O suceder constante de crimes bárbaros, atrocidades e crueldades por toda parte, acompanhados de quadros tristes de desonestidades e corrupção, desequilibram a harmonia que se espera para a vida humana.
Espanta-se, pois, em se encontrar sobre a Terra tantas maldades e tantas paixões inferiores, tantas misérias e enfermidades de toda sorte, concluindo-se que miserável coisa é a espécie humana. Esse julgamento provém do ponto de vista limitado em que se está colocado, e que dá uma ideia falsa do conjunto. É preciso considerar, todavia, que a humanidade não se encontra toda na Terra, mas apenas uma pequena fração dela. Porque a espécie humana abrange todos os seres dotados de razão, que povoam os inumeráveis mundos do Universo. Ora, o que seria a população da Terra, diante da população total desses mundos? Bem menos que a de um lugarejo em relação a de um grande império. A condição material e moral da humanidade terrena nada tem, pois, de estranho, se levarmos em conta o destino da Terra e a natureza de sua população.
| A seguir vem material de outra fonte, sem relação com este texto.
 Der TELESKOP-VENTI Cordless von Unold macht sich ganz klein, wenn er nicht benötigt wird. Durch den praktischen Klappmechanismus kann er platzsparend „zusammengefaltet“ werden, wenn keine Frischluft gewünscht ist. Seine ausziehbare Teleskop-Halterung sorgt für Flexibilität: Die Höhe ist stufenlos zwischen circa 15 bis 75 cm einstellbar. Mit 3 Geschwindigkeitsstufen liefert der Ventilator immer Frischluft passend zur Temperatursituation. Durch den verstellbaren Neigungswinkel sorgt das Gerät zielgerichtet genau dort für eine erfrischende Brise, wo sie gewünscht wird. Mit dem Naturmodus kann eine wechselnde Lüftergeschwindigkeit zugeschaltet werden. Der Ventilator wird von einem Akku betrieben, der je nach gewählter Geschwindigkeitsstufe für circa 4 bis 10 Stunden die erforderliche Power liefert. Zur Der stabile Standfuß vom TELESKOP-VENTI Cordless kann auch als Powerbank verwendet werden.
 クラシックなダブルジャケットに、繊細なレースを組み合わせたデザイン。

Faríamos uma idéia muito falsa da população de uma grande cidade, se a julgássemos pelos moradores dos bairros mais pobres e sórdidos. Num hospital, só vemos doentes e estropiados; numa prisão vemos todas as torpezas, todos os vícios reunidos; nas regiões insalubres, a maior parte dos habitantes são pálidos, fracos e doentes. Pois bem: consideremos a Terra como um arrabalde, um hospital, uma penitenciária, um pantanal, porque ela é tudo isso a um só tempo, e compreenderemos porque as suas aflições sobrepujam os prazeres. Porque não se enviam aos hospitais as pessoas sadias, nem às casas de correção os que não praticam crimes, e nem os hospitais, nem as casas de correção, são lugares de delícias.
Ora, da mesma maneira que , numa cidade, toda a população não se encontra nos hospitais ou nas prisões, assim a humanidade inteira não se encontra na Terra. E como saímos do hospital quando estamos curados, e da prisão quando cumprimos a pena, o homem sai da Terra para mundos mais felizes, quando se acha curado de suas enfermidades morais.
Não se espante, pois, o leitor. Será que ainda somos tão ingênuos de acreditar que a criação máxima de Deus está neste diminuto e inexpressivo planeta? Não é mais lógico que aqui nos reunimos, habitantes dessa morada repleta de problemas e desafios, os enfermos do egoísmo, os detentores da vaidade e do orgulho ou disputadores de poderes transitórios, ainda marcados pela violência? E que em mundos melhores se encontram aqueles que já se despojaram de suas imperfeições morais, numa escala que vai melhorando gradativamente conforme se aprimoram seus habitantes?
O infinito do Universo já indica isso pela lógica do raciocínio. A grandeza de Deus reserva belezas que deveremos conquistar pelos méritos do esforço próprio na melhora moral. Para isso é preciso trabalhar em prol da melhora deste planeta, estendendo as mãos aos que se batem na miséria ou na ignorância. Não há outra alternativa: ou nos tornamos solidários uns com os outros, aprendendo a viver e conquistando méritos de ascensão a planos melhores, ou continuaremos por aqui, batendo a cabeça. O presente artigo adapta trecho de Kardec, constante de O Evangelho Segundo o Espiritismo, em seu capítulo III.